=== Problem details ===
With the pictures omitted, repeat exactly the lines below starting with the line that has "los 37 puntos." and going on through the line that has "About this item".

=== Data provided ===
···
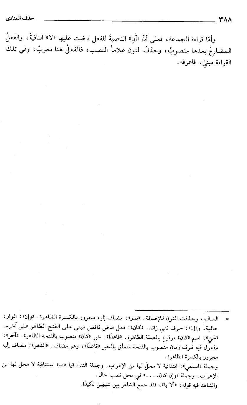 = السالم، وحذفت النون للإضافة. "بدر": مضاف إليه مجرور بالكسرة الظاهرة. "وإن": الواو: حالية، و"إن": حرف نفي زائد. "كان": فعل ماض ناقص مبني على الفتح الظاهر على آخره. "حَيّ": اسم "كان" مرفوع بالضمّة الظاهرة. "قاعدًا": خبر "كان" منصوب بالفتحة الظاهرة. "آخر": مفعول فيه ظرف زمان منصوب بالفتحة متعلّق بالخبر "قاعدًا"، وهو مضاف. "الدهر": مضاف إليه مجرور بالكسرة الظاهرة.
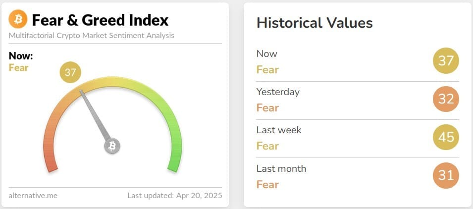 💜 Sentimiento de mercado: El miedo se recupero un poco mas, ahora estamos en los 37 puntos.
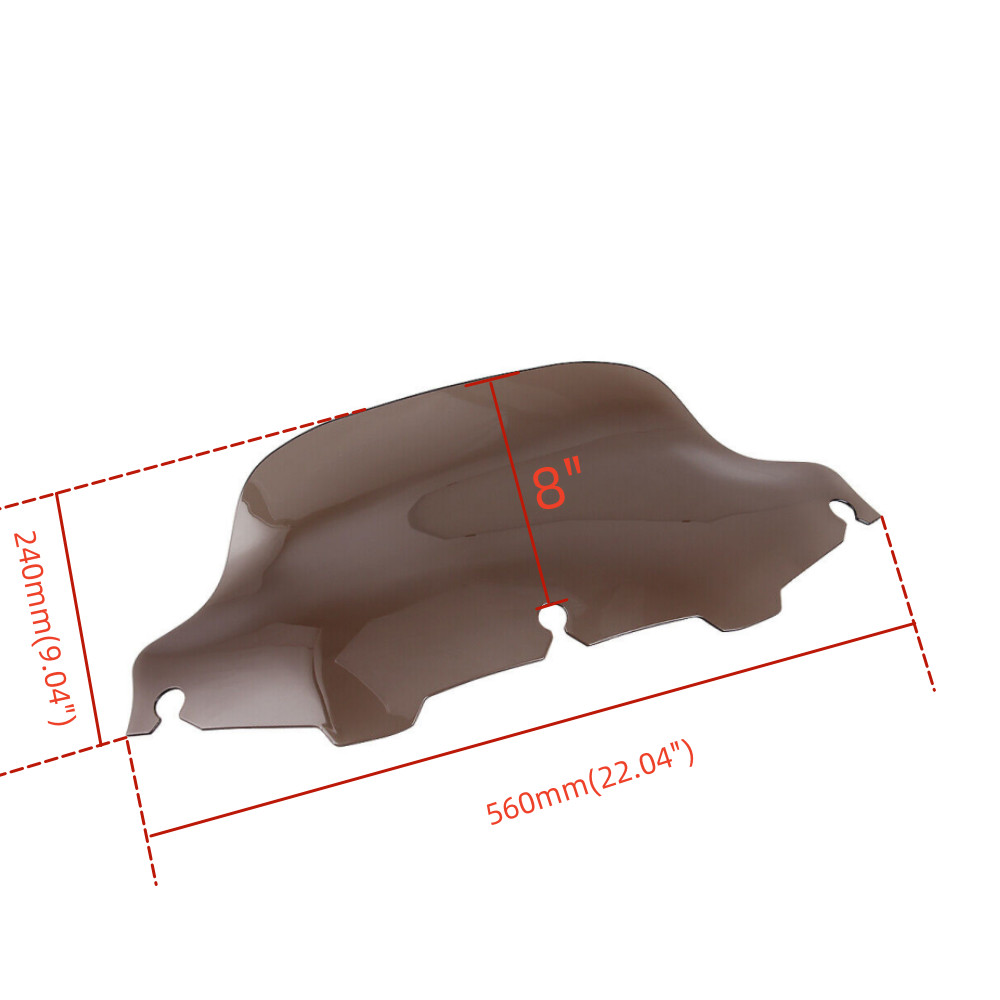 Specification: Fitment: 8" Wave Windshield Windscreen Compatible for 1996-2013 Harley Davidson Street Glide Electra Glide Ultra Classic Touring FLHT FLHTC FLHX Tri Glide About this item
···
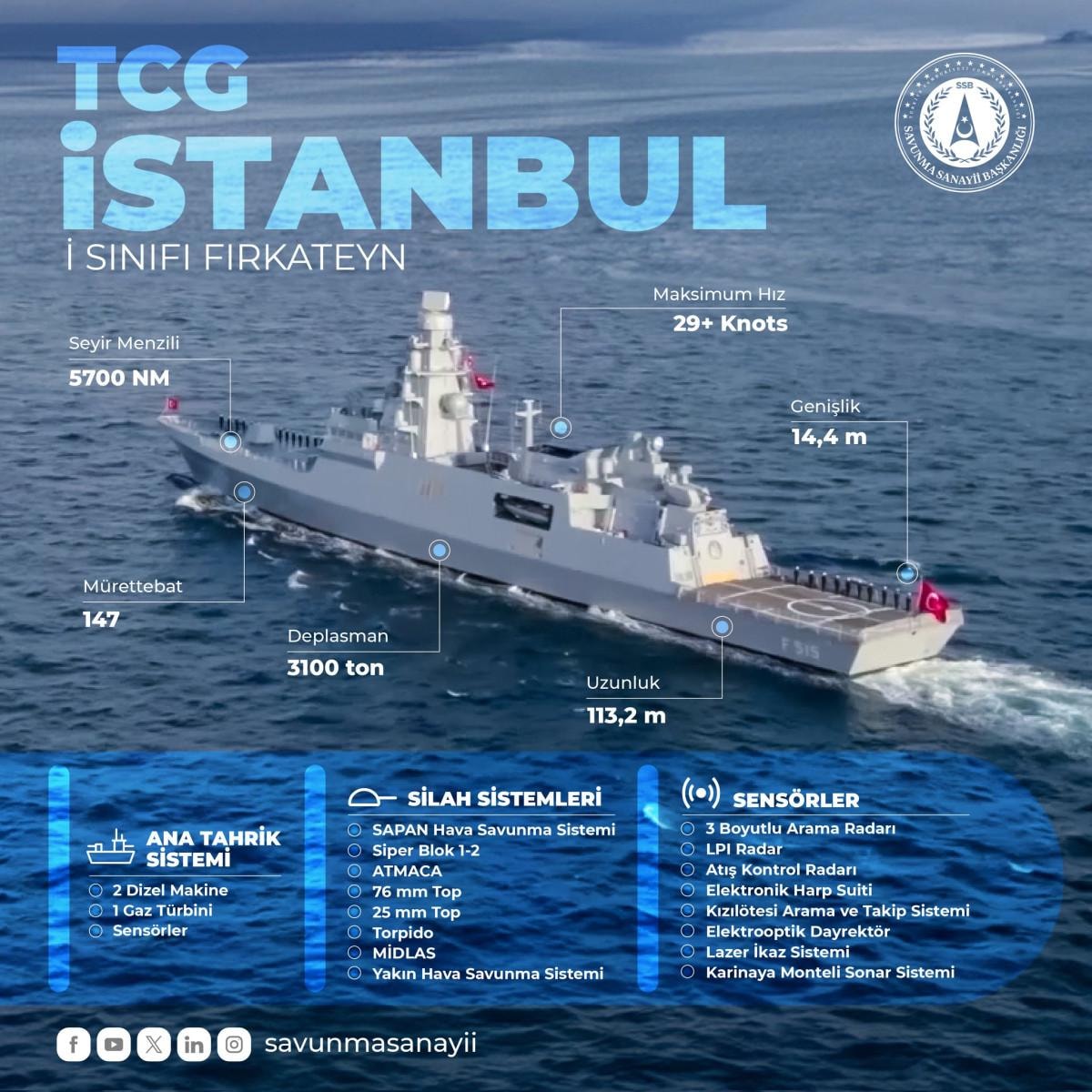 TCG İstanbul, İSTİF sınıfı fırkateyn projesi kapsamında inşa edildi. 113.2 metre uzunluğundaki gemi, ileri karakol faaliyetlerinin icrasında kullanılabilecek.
···
=== Reply to the exercise ===
 💜 Sentimiento de mercado: El miedo se recupero un poco mas, ahora estamos en los 37 puntos.
 Specification: Fitment: 8" Wave Windshield Windscreen Compatible for 1996-2013 Harley Davidson Street Glide Electra Glide Ultra Classic Touring FLHT FLHTC FLHX Tri Glide About this item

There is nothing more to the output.